Looking at the structure of the article, it starts by mentioning a study, and then it jumps to some advice and recipes from an unrelated nutritionist. To my eye, it doesn't even appear as though the nutritionist is responding to the study.
So what did the study say? I confess, I didn't read it. But I found the press release (which tend to be much closer to the original study than reports on science in a
cookbook daily newspaper, but could still contain misleading information.)
The press release was from March 2010, and talks about an upcoming publication in the International Journal of Obesity.
[It] examined the influence exerted by the type of foods and specific timing of intake on the development of metabolic syndrome characteristics in mice. The UAB research revealed that mice fed a meal higher in fat after waking had normal metabolic profiles. In contrast, mice that ate a more carbohydrate-rich diet in the morning and consumed a high-fat meal at the end of the day saw increased weight gain, adiposity, glucose intolerance and other markers of the metabolic syndrome.
Bray and Young said further research needs to test whether similar observations are made with different types of dietary fats and carbohydrates, and it needs to be tested in humans to see if the findings are similar between rodents and humans.
"We're also working on a study right now to determine if these feeding regimens adversely affect heart function," Young said.
Note: They weren't studying the difference between high-fat in the morning versus low-fat in the morning (e.g. fry-up versus toast) but high-fat in the morning versus high-fat in the evening (e.g. do you eat toast for breakfast and a fry-up for dinner, or a fry-up for breakfast and toast for dinner.)
So, an intriguing study in mice, a year ago, but not yet understood nor tested in humans gave the Daily Mail (and other newspapers) an excuse to publish some recipes.
Int J Obes (Lond). 2010 Nov;34(11):1589-98. Epub 2010 Mar 30.
Time-of-day-dependent dietary fat consumption influences multiple cardiometabolic syndrome parameters in mice.
Bray MS, Tsai JY, Villegas-Montoya C, Boland BB, Blasier Z, Egbejimi O, Kueht M, Young ME.
Department of Epidemiology, University of Alabama at Birmingham, Birmingham, AL, USA.
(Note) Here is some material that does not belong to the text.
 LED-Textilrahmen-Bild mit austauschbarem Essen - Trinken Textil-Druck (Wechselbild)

Excess caloric intake is strongly associated with the development of increased adiposity, glucose intolerance, insulin resistance, dyslipidemia, and hyperleptinemia (that is the cardiometabolic syndrome). Research efforts have focused attention primarily on the quality (that is nutritional content) and/or quantity of ingested calories as potential causes for diet-induced pathology. Despite growing acceptance that biological rhythms profoundly influence energy homeostasis, little is known regarding how the timing of nutrient ingestion influences development of common metabolic diseases.
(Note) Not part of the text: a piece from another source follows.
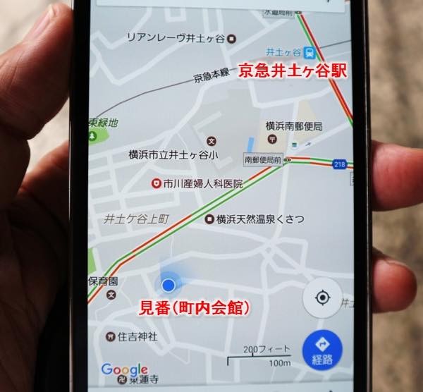 スマホで場所を確認。井土ヶ谷駅から徒歩8分くらいのところにある

To test the hypothesis that the time of day at which dietary fat is consumed significantly influences multiple cardiometabolic syndrome parameters.
We report that mice fed either low- or high-fat diets in a contiguous manner during the 12 h awake/active period adjust both food intake and energy expenditure appropriately, such that metabolic parameters are maintained within a normal physiologic range. In contrast, fluctuation in dietary composition during the active period (as occurs in human beings) markedly influences whole body metabolic homeostasis. Mice fed a high-fat meal at the beginning of the active period retain metabolic flexibility in response to dietary challenges later in the active period (as revealed by indirect calorimetry). Conversely, consumption of high-fat meal at the end of the active phase leads to increased weight gain, adiposity, glucose intolerance, hyperinsulinemia, hypertriglyceridemia, and hyperleptinemia (that is cardiometabolic syndrome) in mice. The latter perturbations in energy/metabolic homeostasis are independent of daily total or fat-derived calories.
The time of day at which carbohydrate versus fat is consumed markedly influences multiple cardiometabolic syndrome parameters.